Find the string "bright" in the listing and report every line that has it.

::: RECORDS SUPPLIED

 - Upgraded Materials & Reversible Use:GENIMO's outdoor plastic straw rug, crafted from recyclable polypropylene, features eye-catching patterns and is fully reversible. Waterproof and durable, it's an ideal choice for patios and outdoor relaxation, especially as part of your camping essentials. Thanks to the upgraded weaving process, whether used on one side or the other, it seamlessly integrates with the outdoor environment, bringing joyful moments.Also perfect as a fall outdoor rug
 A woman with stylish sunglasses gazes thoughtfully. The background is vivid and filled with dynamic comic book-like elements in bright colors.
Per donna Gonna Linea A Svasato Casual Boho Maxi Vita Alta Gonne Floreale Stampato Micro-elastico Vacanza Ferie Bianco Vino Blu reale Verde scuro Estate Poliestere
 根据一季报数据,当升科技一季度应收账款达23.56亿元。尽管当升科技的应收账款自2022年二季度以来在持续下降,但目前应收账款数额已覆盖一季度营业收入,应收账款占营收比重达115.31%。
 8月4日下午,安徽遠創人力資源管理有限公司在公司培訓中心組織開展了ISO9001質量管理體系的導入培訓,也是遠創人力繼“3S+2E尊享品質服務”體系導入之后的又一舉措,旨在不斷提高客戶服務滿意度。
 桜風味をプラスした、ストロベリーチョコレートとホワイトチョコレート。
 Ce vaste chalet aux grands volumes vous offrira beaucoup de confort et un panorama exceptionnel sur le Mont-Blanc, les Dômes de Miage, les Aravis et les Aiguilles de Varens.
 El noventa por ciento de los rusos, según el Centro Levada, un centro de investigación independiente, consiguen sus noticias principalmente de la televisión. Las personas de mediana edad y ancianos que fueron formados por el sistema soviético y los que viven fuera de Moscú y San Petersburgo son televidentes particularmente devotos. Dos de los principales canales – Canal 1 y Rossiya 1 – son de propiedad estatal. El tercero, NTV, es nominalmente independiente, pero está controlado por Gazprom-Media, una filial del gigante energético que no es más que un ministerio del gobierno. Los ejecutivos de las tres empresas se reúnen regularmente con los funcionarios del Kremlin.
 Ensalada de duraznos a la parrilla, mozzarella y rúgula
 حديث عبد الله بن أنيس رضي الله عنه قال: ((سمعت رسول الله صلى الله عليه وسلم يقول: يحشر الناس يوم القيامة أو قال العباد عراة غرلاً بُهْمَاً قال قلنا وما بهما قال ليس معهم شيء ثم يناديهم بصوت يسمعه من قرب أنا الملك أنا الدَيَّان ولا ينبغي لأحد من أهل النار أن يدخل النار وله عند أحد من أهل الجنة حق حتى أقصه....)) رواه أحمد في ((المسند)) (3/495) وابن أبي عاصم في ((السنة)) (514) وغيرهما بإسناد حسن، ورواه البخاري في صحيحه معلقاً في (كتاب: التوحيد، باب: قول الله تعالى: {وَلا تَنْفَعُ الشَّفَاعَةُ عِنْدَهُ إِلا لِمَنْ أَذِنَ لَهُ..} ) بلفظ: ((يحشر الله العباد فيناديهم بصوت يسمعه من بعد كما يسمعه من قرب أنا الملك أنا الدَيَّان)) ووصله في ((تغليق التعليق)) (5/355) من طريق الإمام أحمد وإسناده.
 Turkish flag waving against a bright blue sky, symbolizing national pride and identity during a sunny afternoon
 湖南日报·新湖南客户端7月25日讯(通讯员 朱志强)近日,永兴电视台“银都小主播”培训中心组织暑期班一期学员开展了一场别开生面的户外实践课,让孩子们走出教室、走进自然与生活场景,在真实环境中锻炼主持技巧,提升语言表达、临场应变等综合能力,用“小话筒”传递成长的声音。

::::::

◆ RESPONSE AREA:
 A woman with stylish sunglasses gazes thoughtfully. The background is vivid and filled with dynamic comic book-like elements in bright colors.
 Turkish flag waving against a bright blue sky, symbolizing national pride and identity during a sunny afternoon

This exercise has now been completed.